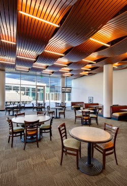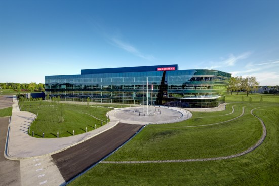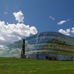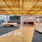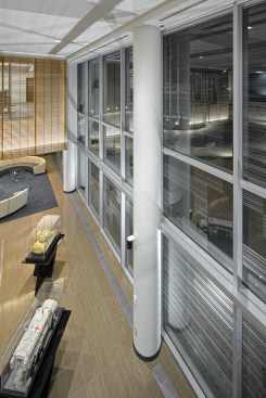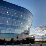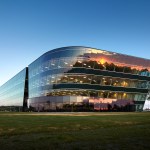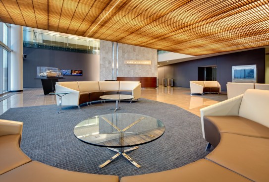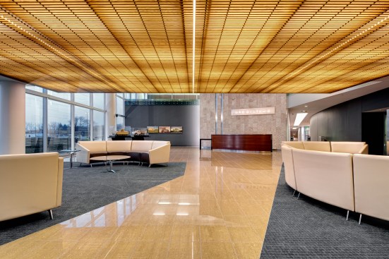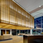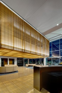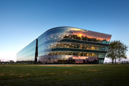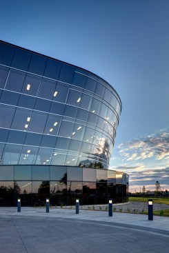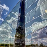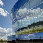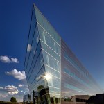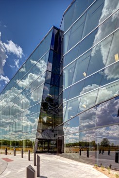 A strong physical architectural presence is a statement of their commitment to the local community. Siting the structure along an east/west axis provides benefits of orientation for sustainability, while canting the broad face toward a main seven lane thoroughfare increases visibility from the street. This skewed four-story, curved glass parallelogram is then canted toward the road to create a unique and commanding presence.
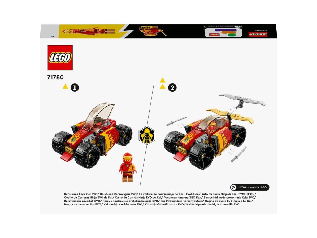 Dajte fanúšikom nindžov od 6 rokov možnosť okúsiť vzrušenie z jazdy s touto stavebnicou Kaiovo nindžovské pretekárske auto EVO (71780). Toto auto zo série LEGO® NINJAGO® má otvárací kokpit a pôsobivý zlatý spojler vzadu. Výmenou jeho 4 kolies ho môžete transformovať z terénneho vozidla na pouličné pretekárske auto. Tie najlepšie nindža hračky pre deti Stavebnica sa dodáva s fantastickou minifigúrkou Kaia vyzbrojeného 2 zlatými katanami, ktorého môžete posadiť do parádneho červeného auta NINJAGO. Inšpiruje deti užívať si nekonečné hodiny pretekárskej akcie po uliciach mesta NINJAGO. Zábavný digitálny zážitok pre fanúšikov LEGO Vás aj vaše dieťa teraz staviteľským zážitkom intuitívnym spôsobom prevedie aplikácia LEGO Builder. Približujte a otáčajte modely v 3D prostredí, ukladajte si stavebnice a sledujte postup stavania.
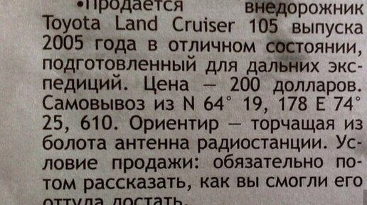 Фотографии смешных объявлений о продаже автомобилей.
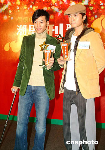 | 踏入年終,香港樂壇頒獎(jiǎng)禮一觸即發(fā),眾歌星紛紛外出宣傳拉票。12月23日,信德中心邀請(qǐng)被喻為樂壇『新四天天王』的其中兩位大熱型男古巨基、梁漢文出席慈善活動(dòng)。大會(huì)特別頒發(fā)『2004年度樂壇愛心型男金獎(jiǎng)』的獎(jiǎng)座感謝古巨基[右]、梁漢文的鼎力支持。作者:洪少葵
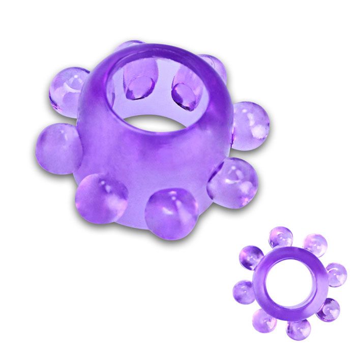 Тянущееся кольцо из фиолетовой эластичной термопластичной резины на пенис со стимулирующими элементами для обоих партнеров. Одевается на основание пениса, а массажные шарики позволят немного изменить ощущения при классическом контакте с партнером.
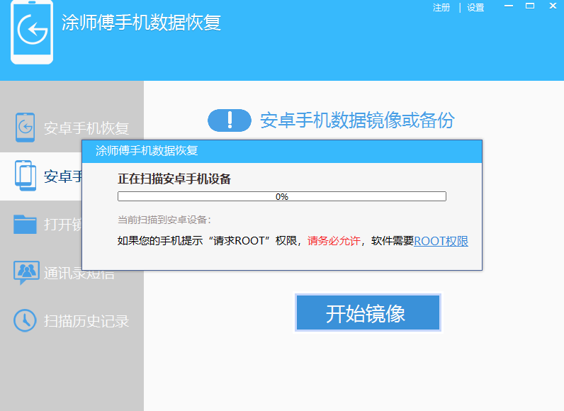 涂师傅手机数据恢复软件官方版是一款功能强大的数据恢复软件,涂师傅手机数据恢复软件官方版能够恢复安卓手机数据,软件件支持照片恢复、图片恢复、视频恢复、音频恢复、等诸多功能,软件需要ROOT权限,并连入电脑,需要的朋友欢迎下载使用。
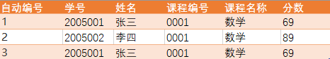 delete tablenamewhere 自动编号 not in(select min( 自动编号)from tablenamegroup by 学号,姓名,课程编号,课程名称,分数)
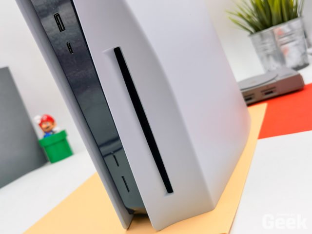 On notera la possibilité d’y brancher n’importe quel disque dur ou disque SSD externe pour étendre la mémoire de la console et y installer principalement les jeux PS4. D’ailleurs, dans les options de la console se trouve une option qui permet d’installer automatiquement tous les jeux PS4 par défaut sur ce disque externe. Si on souhaite étendre la mémoire même de la console, pas de port d’extension de stockage comme sur la Xbox Series X mais un emplacement M.2 NVMe à l’intérieur de la console. Il faudra juste « ouvrir » la console, chose qu’on n’a pas fait encore puisqu’on n’avait de disque M.2 NVMe à disposition et car cela ne sera disponible que via une prochaine mise à jour selon Sony. Western Digital est sur le coup apparemment.

::::::::

** REQUIRED WORK **
Look above for the line with "Тянущееся кольцо из"; quote it and every line after it, stopping after the line with "delete tablenamewhere 自动编号", exactly, with nothing added and without pictures.

** OUTPUT OF THE TASK **
 Тянущееся кольцо из фиолетовой эластичной термопластичной резины на пенис со стимулирующими элементами для обоих партнеров. Одевается на основание пениса, а массажные шарики позволят немного изменить ощущения при классическом контакте с партнером.
 涂师傅手机数据恢复软件官方版是一款功能强大的数据恢复软件,涂师傅手机数据恢复软件官方版能够恢复安卓手机数据,软件件支持照片恢复、图片恢复、视频恢复、音频恢复、等诸多功能,软件需要ROOT权限,并连入电脑,需要的朋友欢迎下载使用。
 delete tablenamewhere 自动编号 not in(select min( 自动编号)from tablenamegroup by 学号,姓名,课程编号,课程名称,分数)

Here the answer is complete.